NeutralA stock rated as "Neutral" is expected to perform in line with the overall market or a specific benchmark. This rating indicates that the stock is neither particularly attractive nor unattractive for investment. Investors may consider holding onto the stock, as it is not expected to either significantly outperform or underperform the market.

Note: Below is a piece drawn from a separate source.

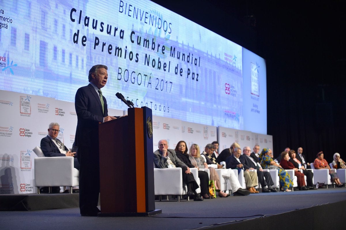En la clausura de la cumbre que por primera vez se realizó en América Latina, los 27 laureados reconocieron en Colombia un gran ejemplo de paz para el mundo. El presidente Juan Manuel Santos agradeció a los líderes que visitaron el país; "quiero agradecer muy especialmente a los Premios Nobel de Paz por el respaldo a los colombianos hacia el camino a la reconciliación, gracias por destacar en la declaración final las lecciones que le dejan al mundo nuestro proceso".

UnderperformA stock rated as "Underperform" is expected to perform worse than the overall market or a specific benchmark over the near-to-medium term. This rating suggests that the stock may deliver lower returns compared to the average returns of other stocks in the same sector or market index. Investors might consider selling the stock or avoiding it as an investment.

Disclaimer

This AI Analyst Stock Report is automatically generated by our AI systems using advanced algorithms and publicly available financial, technical, and market data. While the information provided aims to be accurate and insightful, it is intended for informational purposes only and should not be considered financial advice. Any content created by an AI (Artificial Intelligence) system may contain inaccuracies and/or contain errors. Investing in stocks carries inherent risks, and past performance is not indicative of future results. This report does not account for your personal financial circumstances, objectives, or risk tolerance. Always conduct your own research or consult with a qualified financial advisor before making investment decisions. The analysis and recommendations provided are based on historical and current data and may not fully reflect future market conditions or unexpected developments. Neither the creators of this report nor its affiliated entities guarantee the accuracy, completeness, or reliability of the information presented. Use this report at your own discretion and risk.